Tell Minnesota: 10-Year-Olds Don't Belong in Adult Court

by Matt Kelley · 2011-02-16 07:08:00 UTC

A bill pending before the Minnesota legislature would allow judges in the state to try 10-year-olds as adults for offenses involving murder, manslaughter, assault, aggravated robbery or sexual conduct. This is a mistake for so many reasons, and we need to tell Minnesota lawmakers why.

Strong evidence shows that people below 16 or 17 years of age have not developed the adult brain functions needed to fully analyze consequences of their actions. Programs around the country (like this one) have shown incredible results in recent years in diverting young people from a life of crime through treatment, education and community connections. Sending young people to adult court -- and adult prison -- is not the answer to juvenile crime.

This is an issue of national importance. We may be experiencing an awakening of bipartisan enlightenment on the failure of legacy prison-focused justice, but that doesn't mean we don't need to be vigilant against tough-on-crime policies and the politicians who promote them when they rear their fear-mongering head. Minnesota has traditionally been a fairly rational state on criminal justice issues, and a law like this would send the wrong message: that some people don't deserve a second chance. If passed, this law -- called "Emily's Law" -- would join Minnesota with just a few other states that allow 10-year-olds to be tried as adults.
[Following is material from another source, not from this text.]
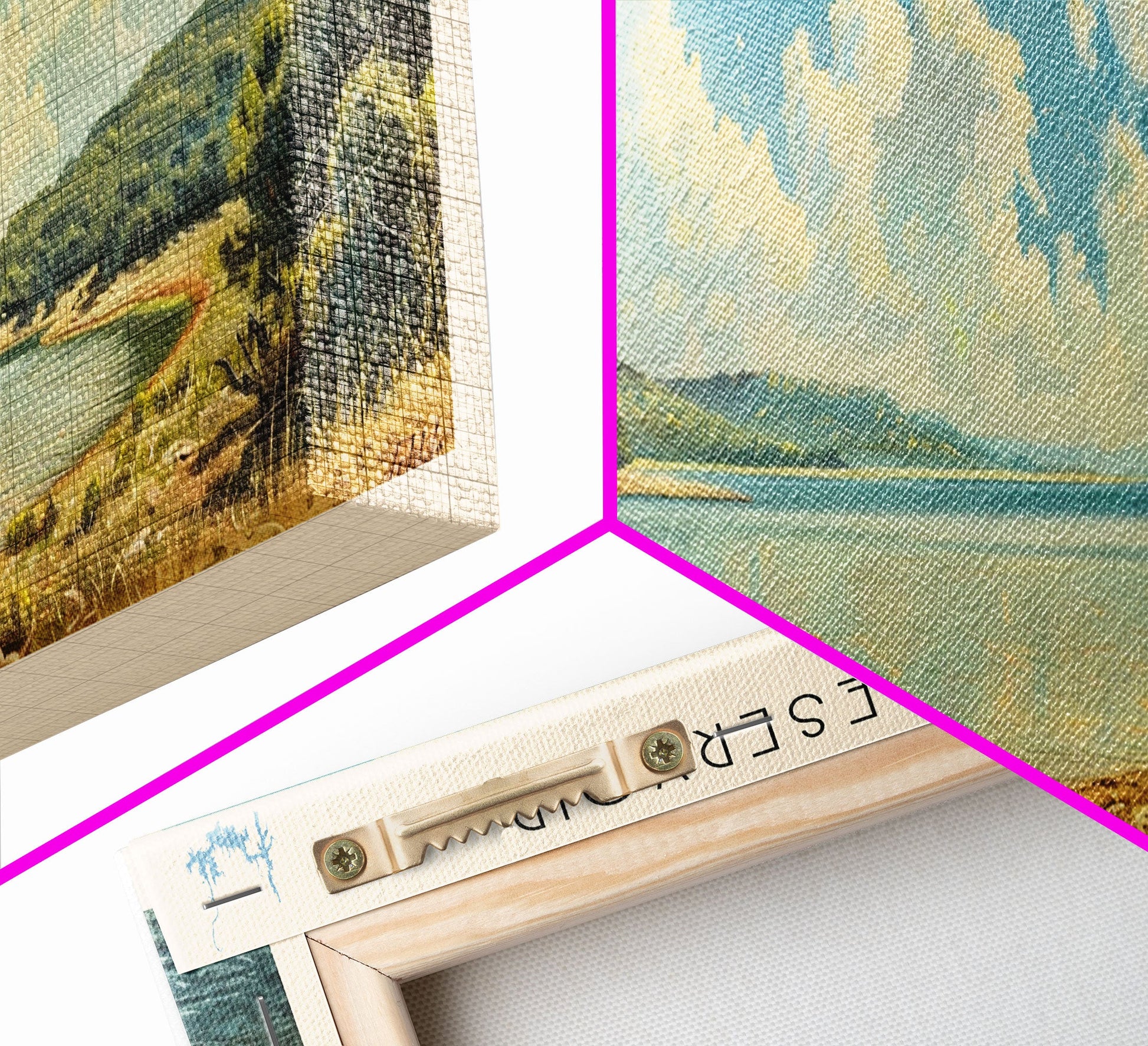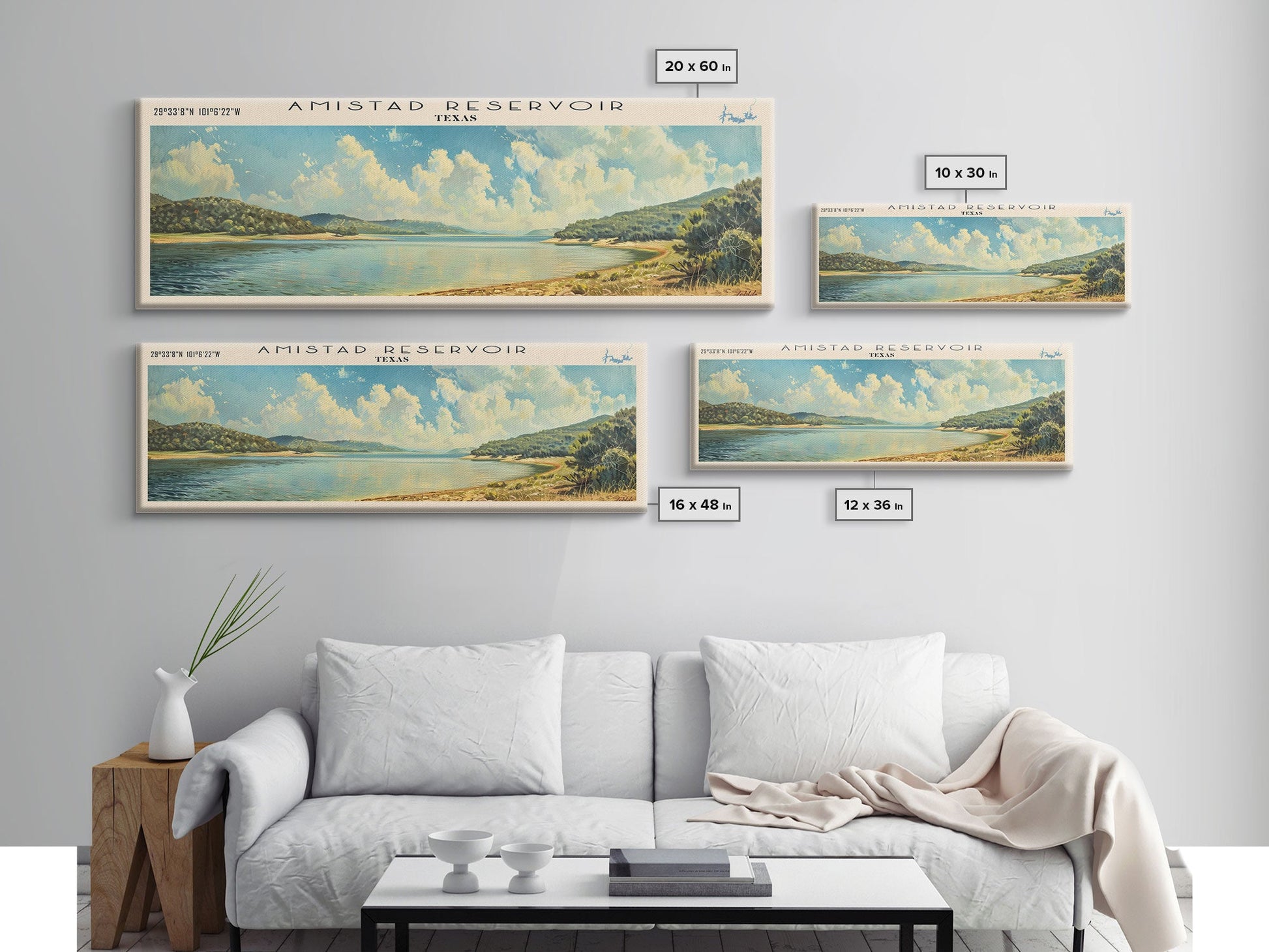 Amistad Reservoir Texas Panoramic Framed Canvas Print, Lake House Decor, Modern Art, Travel Poster, Scenic View, Water Reflection
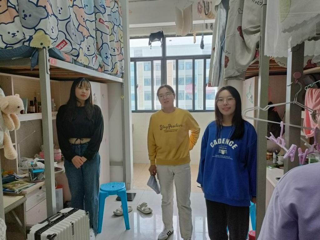 走访过程中,老师与同学们亲切交谈,宣讲学校疫情防控最新动态和最新要求,提醒同学们在疫情防控常态化的背景下保持宿舍干净卫生,做好个人卫生,强化安全防护的重要性。走访中,老师还解读了寝室违规用电、私拉电线等反面案例,强调学生宿舍内的“六个严禁”,引导学生们深刻认识违反宿舍安全管理规定的严重后果,树立遵纪守法自觉性。

Join me in calling on members of the Minnesota House Committee on Public Safety, Crime Prevention Policy and Finance to reject this law, and to direct critical state resources to rehabilitation, not incarceration.

Emily's Law is named for a two-year-old girl killed by a 13-year-old boy in 2006. A crime like that is a terrible tragedy. I can't even begin to imagine the suffering her family has endured. We should do what we can to avoid these episodes of violence, and when they happen the perpetrator should be held accountable -- but in an manner appropriate for his age.  I simply don't believe that treating a 13-year-old as equal to a 30-year-old man fully aware of his actions is the right action for the state. This boy committed a terrible crime, but he needs treatment, not a prison cell.

A panel of Pennsylvania judges will soon decide whether 13-year-old Jordan Brown will be tried as an adult for the shooting murder of his father's girlfriend when he was 11. Such violence throws us off kilter and leads to responses more tailored to personal vengeance and raw emotion than rational, sober public policy. Minnesota should reject sentencing young children as adults and send a message to states like Pennsylvania that kids are different.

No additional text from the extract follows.